I did that stuff, and we could get at most 10 measurements. So instead of having 1,000 time points, we had 10. And so we had very limited data, and the best we could do, again, is this kind of looking for simple contrast, which conditions evoked stronger responses than other conditions. We have much better data and much better computational methods now.
So looking at univariate contrast is really a holdover from the history of cognitive neuroscience and behavioral neurology and neuropsychology and early methods of functional brain imaging. And the reliance on simple contrast, which are really like single dimensions in representational space, reminds me of the legend of the blind men and the elephant, where six blind men are sitting by a river and they sense the presence of something large among them.
They go over to investigate. They can't see the thing. So they each feel different parts. One feels the tusks and says it's a spear. One feels the trunk and says, I don't know, a hose or something. One feels the side and says, it's a wall. One feels the tail and says it's a rope. One feels the ear and says it's a fan. All those things are really correct, OK?
The tusk is kind of like a spear, and the ear is something like a fan. The tail is something like a rope. So there's nothing incorrect about what they're observing. But because they can't see the totality of the elephant, they can't say it's an elephant. These are all just pieces of an elephant.

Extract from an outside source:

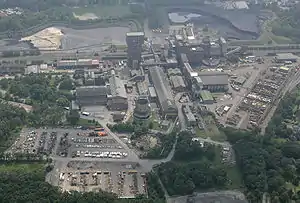 Комплекс поверхні складається з трьох основних блоків: головного (скіпового) стовбура, допоміжного (клітьового) стовбура, адміністративно-побутового комбінату (АБК) та окремо розташованих будівель і споруд, які за своїми технологічними та спеціальним вимогами не можуть бути зблоковані. До них належать: склади, збагачувальна фабрика або установка[1],головна поверхнева електропідстанція, резервуар для води, естакада, градирня та ін.

And in many ways the hypotheses about what is the principle, what is the function of an area in ventral temporal cortex, is like looking at a piece of a larger picture, the category selective regions. Some people have proposed stimulus size as a major dimension, expertise, we have the animacy continuum, domain specificity, even retinotopy. But to see the whole elephant, to see how is ventral temporal cortex doing the amazing thing that it does, which is it is the seat for complex vision, for recognizing what things are out there.
And with all the variety and subtlety of distinctions of what we can encounter visually, we need better analytic computational methods. And that's why I propose that things like neural decoding and thinking of the ventral temporal cortex as a high dimensional representational space, rather than as dominated by simple single dimensions, is much more powerful. So univariate statistics, which really goes back to neuropsychology and early functional imaging, is limiting analysis to univariate contrast. And this leads to search for the function of an area.

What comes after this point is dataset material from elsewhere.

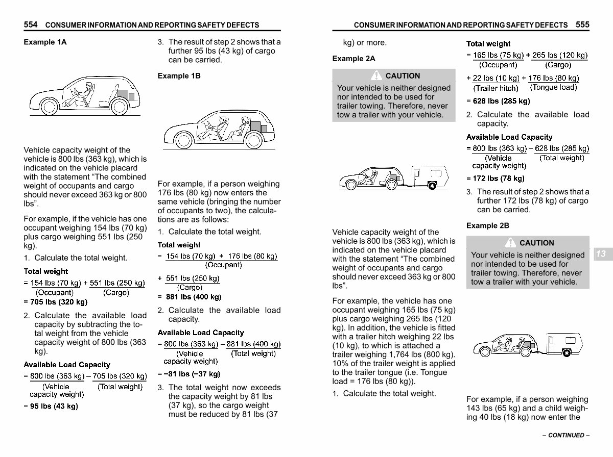 For example, the vehicle has one occupant weighing 165 lbs( 75 kg) plus cargo weighing 265 lbs( 120 kg). In addition, the vehicle is fitted with a trailer hitch weighing 22 lbs( 10 kg), to which is attached a trailer weighing 1,764 lbs( 800 kg). 10 % of the trailer weight is applied to the trailer tongue( i. e. Tongue load = 176 lbs( 80 kg)).

And then it becomes circular, because if this is your method of study, what happens is you think the brain is divided into areas that have single functions. But in contrast, if you use multivariate methods like pattern classification, representational similarity analysis, hyper-alignment, you can model the functional architecture of an area as a high dimensional representational space. So this can account for these category-selective regions.

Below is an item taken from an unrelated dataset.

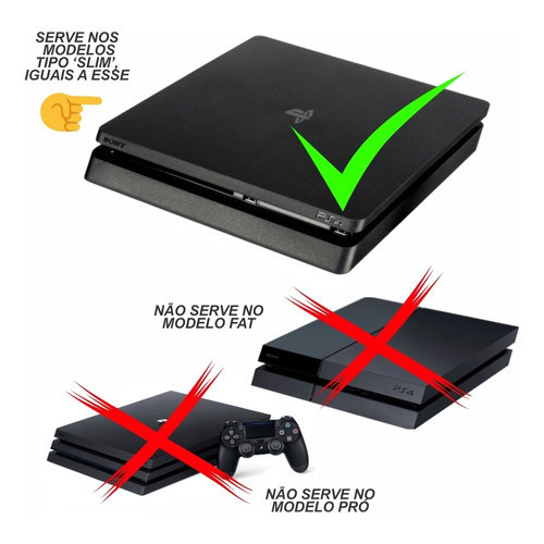 Produto personalizado de fabricação própria. NÃO é original. O nome do modelo é utilizado somente para indicar compatibilidade. COM O DIFERENCIAL DE SER UM ADESIVO COM RECORTE ELETRÔNICO, seu PS4 ficará mais bonito e diferente de todos os outros - que perguntarão a você como conseguiu um produto tão bonito e sofisticado. APENAS NÓS TEMOS ESTES MODELOS!!! Não perca essa oportunidade de personalizar seu PS4 com um produto diferenciado dos demais do mercado! Encaixe Perfeito !!! Cores Disponíveis: - somente os que estão nas fotos Compatível com: - PS4 "SLIM" Especificação Técnica: - Fabricado em adesivo de alta performance - Acabamento com recorte eletrônico - Maior Proteção para seu PS4 - Evita Riscos - Proporciona Estilo Personalizado - Verso Autocolante - Ótima Aderência e Durabilidade - Maior Praticidade na Instalação Conteúdo da Embalagem: - 01 Kit Completo de Adesivos Skin para o PS4 SLIM - 02 Kits de adesivos para 2 controles - 02 Emblemas Adesivos para você colar onde mais quiser! Importante: Garantia de 3 Meses. Valor Unitário. Imagens Meramente Ilustrativas. Recomendamos que a instalação seja feita por profissional especializado e não nos responsabilizamos pelo mau uso do produto. Aplicação: Aplique a seco, é bem fácil! Aplique devagar, UM POR UM, pacientemente. Comece a colagem da parte inferior para a superior (ou da direita para a esquerda). >

They don't disappear. They're very real. But it also accounts for fine-grained patterns that carry finer distinctions. And it can allow us to have models of functional topography that are multiplexed topographies where the tuning function of a single unit, that could be a neuron or a voxel, is complex, and it is not easily described as being responsive to one thing and nothing else. So with that, I thought this would be a good introduction to the debate.